(Géographie moderne) bourg à marché d'Angleterre, dans le Berkshire, sur la petite rivière d'Oke ; il y avait autrefois dans ce bourg une maison royale.

C'est dans cette maison que naquit Alfred, l'homme le plus accompli, et le plus grand roi qui soit monté sur le trône : peut-être n'y a-t-il jamais eu sur la terre un mortel plus digne des respects de la postérité.

Il sut négocier comme combattre ; et ce qui est étrange, les Anglais et les Danois qu'il vainquit, le reconnurent unanimement pour maître. Il prit Londres, la fortifia, l'embellit, y éleva des maisons de briques et de pierres de taille, équipa des flottes, empêcha les descentes des Danois, poliça sa patrie, fonda les jurés, partagea l'Angleterre en comtés, et encouragea le premier ses sujets à commercer. Il prêta des vaisseaux et de l'argent à des gens entreprenans et sages qui allèrent jusqu'à Alexandrie ; et de-là, passant l'Isthme de Suez, trafiquèrent dans la mer Persique.

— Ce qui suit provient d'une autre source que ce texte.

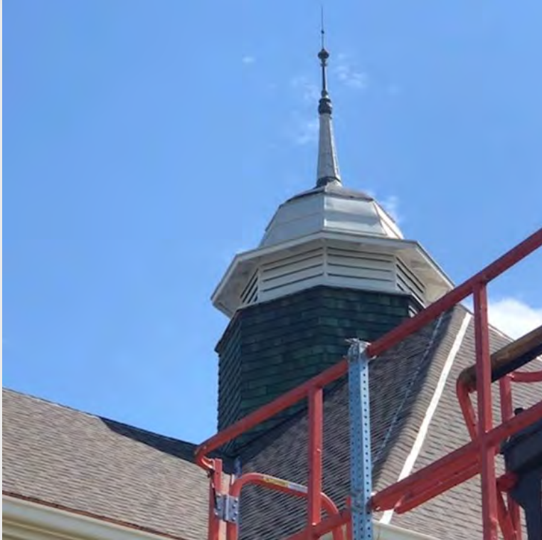
Two new finials installed on building cupolas, original finial on center cupola
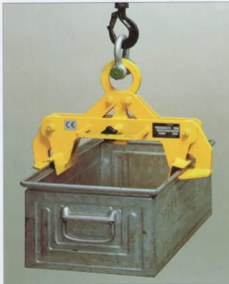
Model TKA.../...a external operating

The crate grab is available as an external or internal operating grab.
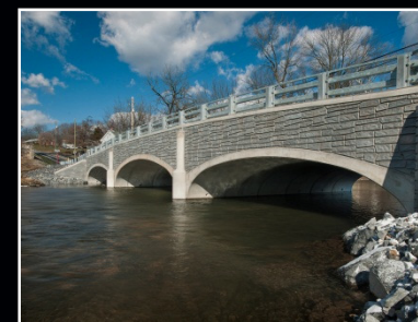
Burnt House Road Bridge Modjeski and Masters, Inc.
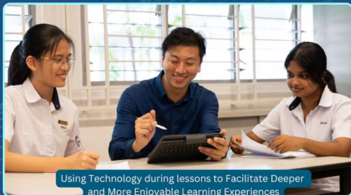
Using Technology during lessons to Facilitate Deeper and More Enjoyable Learning Experiences

Teaching and Learning in PCSS aims to ignite the passion for learning in our students by fostering students' intrinsic motivation to be self-directed and enjoy the learning process. Engaging learning experiences, both in and out of the classroom, highly customised for the various subjects, equip our students with not just knowledge but also 21st century competencies to be future ready learners.
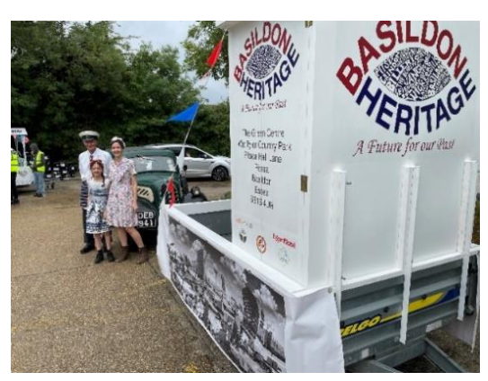
Our float with our volunteers dressed in 1950 outfits

We entered the parade for the second year – this year we had several of our volunteers dressed in 1950s outfits. The parade started from De La Salle school and ending in Northlands Park, where we had set up our display gazebo. The parade took over an hour and a half, but was well worth it. Weather held
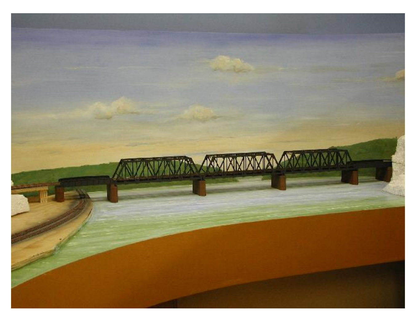
The New Truss Bridge on the N scale layout with Lanham Wharf visible on the left.
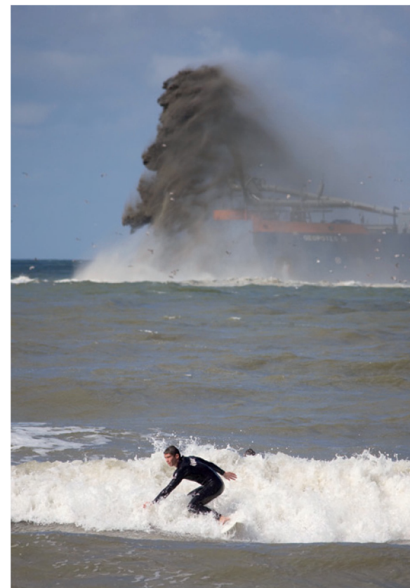
▲ Coastal nourishments such as the Delfland Sand Engine can have positive effects on recreation
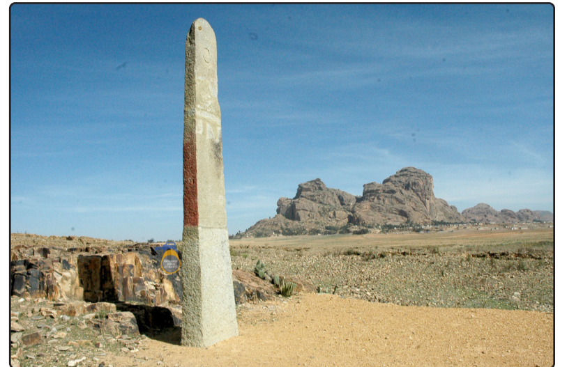
Metera- Carved in stone. A crescent and a disk—Eritrea’s ancient faith, written for eternity.

The structural and spiritual legacy of the ancient civilization has profoundly shaped Eritrea’s modern cultural and physical landscape. Today, the high plateaus and cliffs are dotted with ancient rock-hewn churches and monasteries that seem to grow
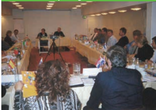
EFCO&HPA GA Bled, 25-26 September 2003
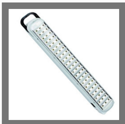
LED Rechargeable Light
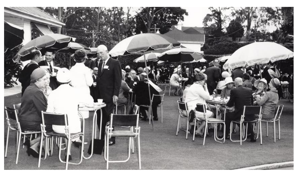
The University of Queensland First Alumni Reunion and Commemoration Garden Party at Queensland House, Rosalie, 19 May 1967

Affinity reunions are gatherings of alumni based on common interests, identities and experiences shared during their time at UQ, such as living at college, playing on a sports team, membership in a special group or club, etc. Unlike class-based reunions, Affinity Reunions can encompass people of all ages, regions, graduating classes and professions and may include individuals from all areas of the broader UQ community including alumni, teachers, staff, students, parents and friends. For further information on Affinity Reunions please contact the Alumni Office on +61 7 3346 3166.
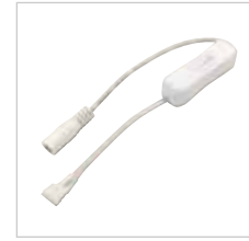
Power Line Interconnector with On/Off Switch

NATL-509W 24V 9" Cable NATL-515W 12V 9" Cable Connects any Tape Light run to a driver. (1) Power line interconnector is included with every Tape Light roll/kit.
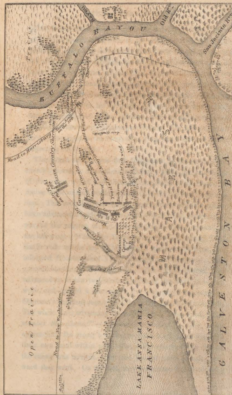
SAN JACINTO BATTLE-GROUND.
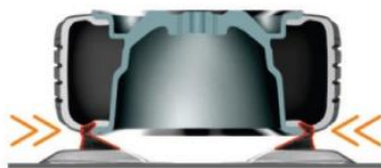
Outside clamping 10~21"
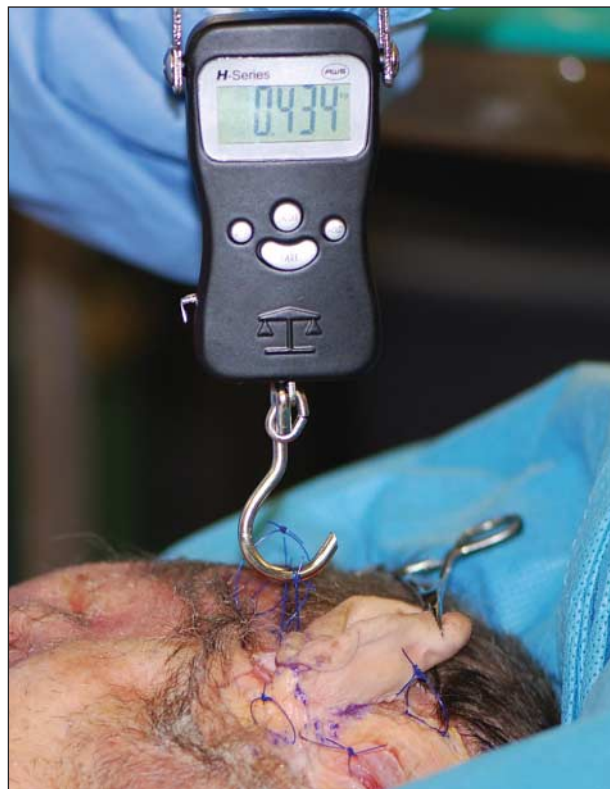
Figure 1. The digital scale was hooked to each suture, 1 at a time, and pulled upward. The maximum weight used to tear the tissue at each suture site was recorded.

suture was placed over the root of the zygoma or the mastoid periosteum, the needle was scraped on bone to ensure a bite of the periosteum. The direction of pull was maintained perpendicular to the plane of the face in a slow, continuous force. The vector chosen was perpendicular to the face in an effort to standardize the vector on each cadaver head. While this vector is not the same used in a face-lift, it does allow for a means to compare tearing force between different areas and different cadaver heads. A digital hanging scale (H Series Electronic Hanging Scales; American Weigh Scales, Charleston, South Carolina) was used to measure the tearing force. We defined the tearing force of the tissue as the force required for the suture to tear through the tissue. We used a tapered needle and strong suture material, 0 Prolene (Ethicon Inc, Somerville, New Jersey), to test the force of the tissue rather than the breaking strength of the suture being placed. Figure 1 demonstrates how the scale was used to measure tearing weight necessary to break through tissue.
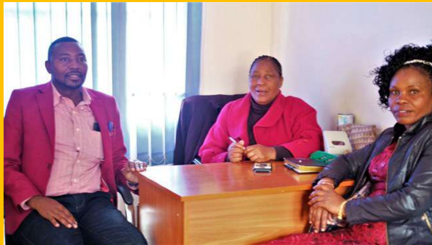
Strong families have been the pillars of our churches

Il institua des milices, établit divers conseils, mit par-tout la règle et la paix qui en est la suite. Ses lois furent douces, mais sévèrement exécutées ; il jeta les fondements de l'académie d'Oxford, fit venir des livres de Rome, et était lui-même l'homme le plus savant de sa nation, donnant toujours à l'étude les moments qu'il ne donnait pas aux soins de son royaume. Une sage économie le mit en état d'être libéral ; il rétablit plusieurs églises, et pas un seul monastère. Aussi ne fut-il pas mis au nombre des saints ; mais l'histoire qui ne lui reproche ni défauts, ni faiblesses, le met au premier rang des héros immortels, utiles au genre humain, qui sans ces hommes extraordinaires eut toujours été semblable aux bêtes farouches. Voilà en raccourci le tableau d'Alfred et de son règne ; entrons dans les détails de sa vie, qui est sans-doute une belle école pour les souverains.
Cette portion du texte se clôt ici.